Há muitos outros títulos que dialogam com essas tendências apontadas e que poderia destacar aqui, mas acabaria por transformar minha reflexão numa listagem de obras interessantes mas inacessíveis ao leitor brasileiro em geral. Poupá-los-ei. Essa lista farei diretamente aos editores que podem querer publicá-los. Ao leitor curioso pelo universo editorial, deixo minhas percepções e a palinha do que se verá nas livrarias nos próximos anos.
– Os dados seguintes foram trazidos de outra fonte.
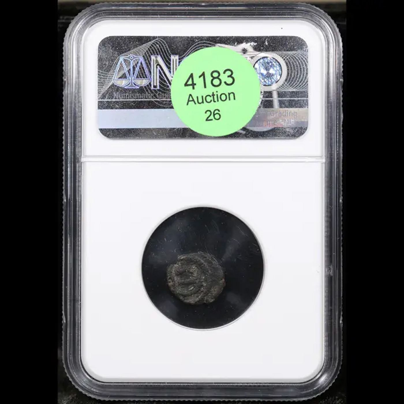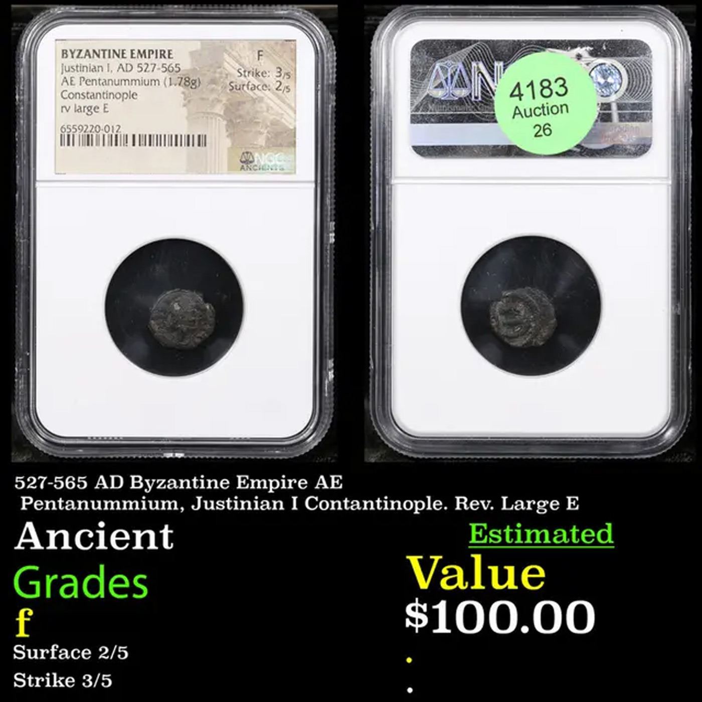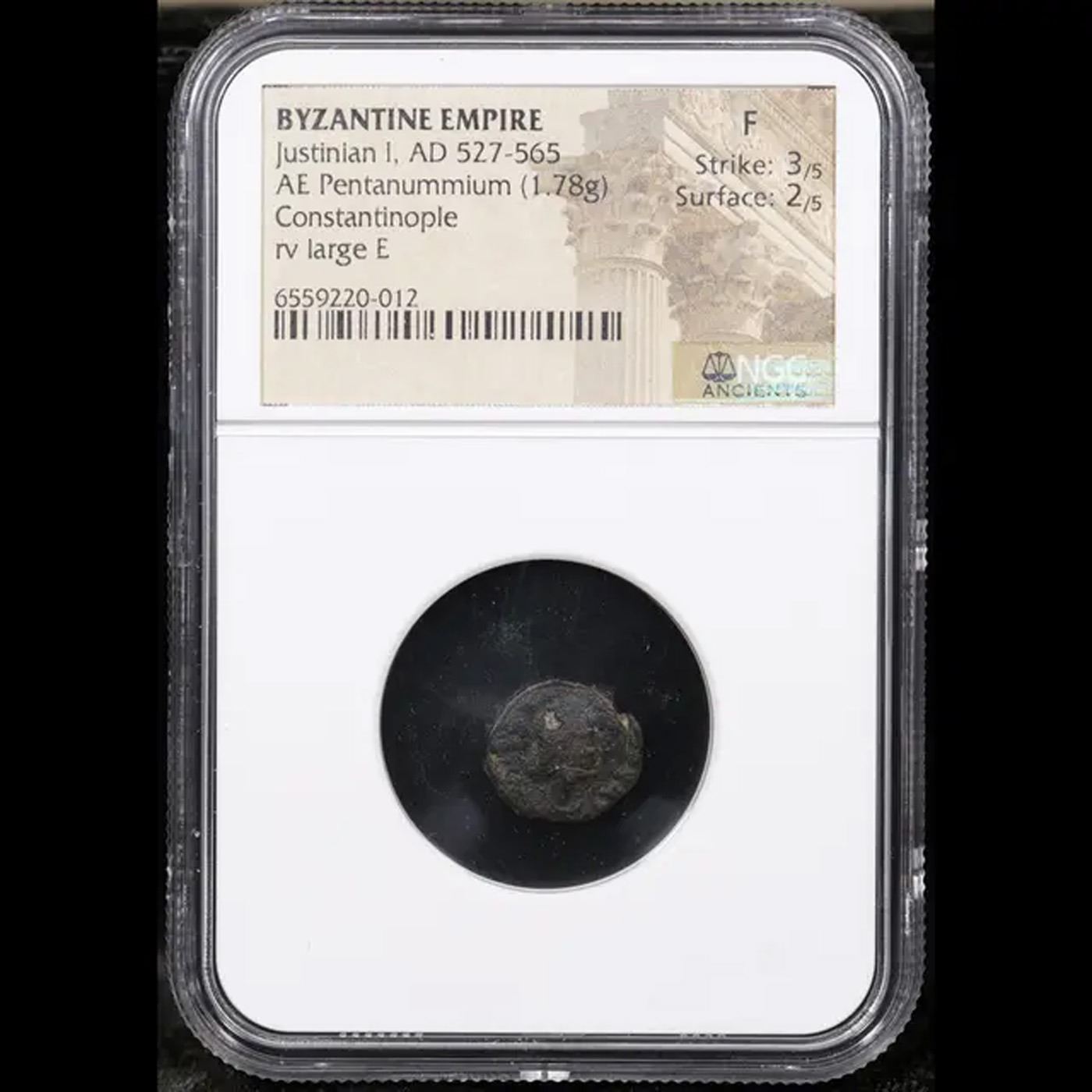 NGC 527-565 AD Byzantine Empire AE Pentanummium, Justinian I Contantinople. Rev. Large E Ancient Graded f By NGC.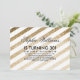 Personalizar esta hermosa y elegante invitación de cumpleaños con texto negro sobre franjas diagonales purpurinas de imitación de oro. Cambie toda la información con la suya. Este diseño también se ve bien con otros estilos de esquina que también se pueden cambiar. Coincidir Guardar la postal de fecha está en un vínculo a continuación:

Para a VB&M, o principal trabalho em Londres é, de um lado, espalhar a palavra dos nossos livros e autores brasileiros; de outro, pinçar o que há de mais especial nos catálogos de nossos clientes. O bônus é sair da feira com novos contratos de representação de editoras e agências estrangeiras. Este ano o bônus foi triplo: voltamos de lá com dois novos clientes para representação no Brasil e um para representação no Brasil e em Portugal. Para o Brasil, a editora feminista canadense Inanna, que tem um potente catálogo de literatura de gênero, e a editora infantil britânica BookLife; para Brasil e Portugal, a poderosa editora canadense Québec-Amérique International, que tem um sensacional catálogo de literatura adulta e juvenil, tanto na ficção quanto na não ficção.

Dez anos depois, volto de Londres com a mala mais leve de brindes literários (a maturidade chega também para a muambeira do livro) e com a mesma certeza da primeira vez: estou fazendo com minha vida exatamente o que eu queria dela.